Peri menopause. Intense bloating. Frequent, dull headaches. Tender and sore breasts. Exhaustion. Unregulated body temperature changes. And the unfiltered rage.
A friend of mine equated it to a ticking clock. You become more aware of your mortality on a biological level and simply don’t have time to pander to the unnecessary. Your body is adjusting to the reality of aging.
I’m beginning to realize my workouts aren’t just vital to my mental and physical health, but also vital to managing all these peri menopausal symptoms.

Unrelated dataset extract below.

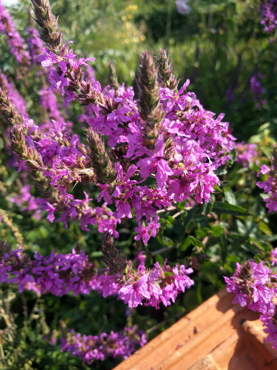 Der Bluweiderich ist während der Blüte eine imposante Pflanze. Seinen Namen hat er nicht nur, weil man ihm blutstillende Eigenschaften nachsagt, sondern auch wegen der Blütenfarbe - wobei diese eher ein ins bläuliche fallende Rot ist. Die bis zu 80cm hohen purpurfarbenen Kerzen sind wunderschön, zahlreich und von Insekten umschwärmtt.

I’ve only scratched the surface of what I’m about to face. A couple articles, some quick facts, anecdotes. I have been met with “but you’re so young!” more frequently than I enjoy. I know exactly how old I am, thank you. Usually explaining my hot flashes convinces anyone who knows. Now I’m hearing stories of what has helped each person and I’ve noticed something interesting.
When I was pregnant, I looked very young. Apparently it continued through raising two little ones. The way people talked to me was infuriating. I had to hear it from a friend, that yes, I looked like a 17 year old. The advice was free flowing, often unasked for, and seemed to hold a moral judgment against other methods. There was an expectation with the advice. I felt like a child not trusted with the responsibility of raising my own children when society did nothing but preach about the natural and glorious ability of every woman to be a mother.

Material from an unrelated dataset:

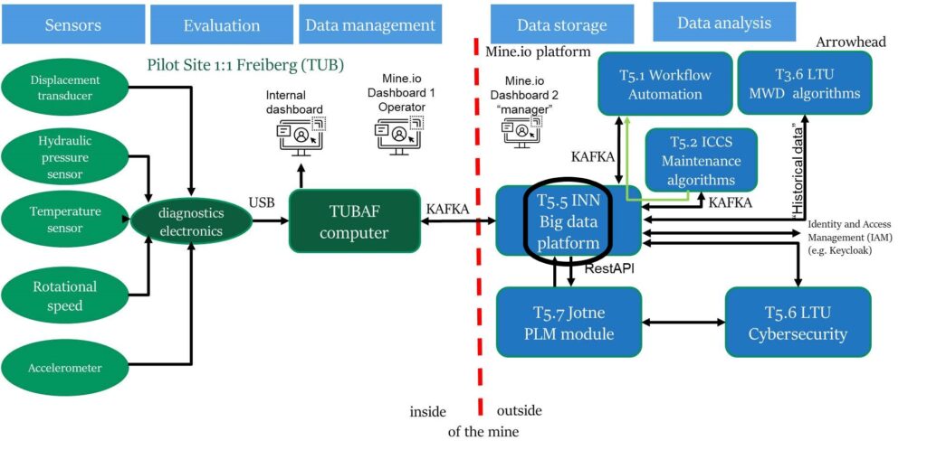 As part of the work carried out in work package WP5, the architecture of the MINE.IO platform was designed. A key component of this Big Data Platform architecture is currently being used in one of the key use cases implemented as a pilot installation at TUBAF Freiberg.

With menopause there is more mystery. More awe. A somberness to the whole process that I appreciate a great deal more than I anticipated. It’s a sisterhood born from something we all will absolutely share. Whether it was like taking a breath and over without even a whisper, or a two decade long struggle of earth-shattering changes, we all go through it.
So I’m beginning the work of understanding what I’m going through and how to embrace it. A lot of this is unsettling, but the rage feels like a comfy blanket I misplaced for decades and now I get to wrap myself in it again.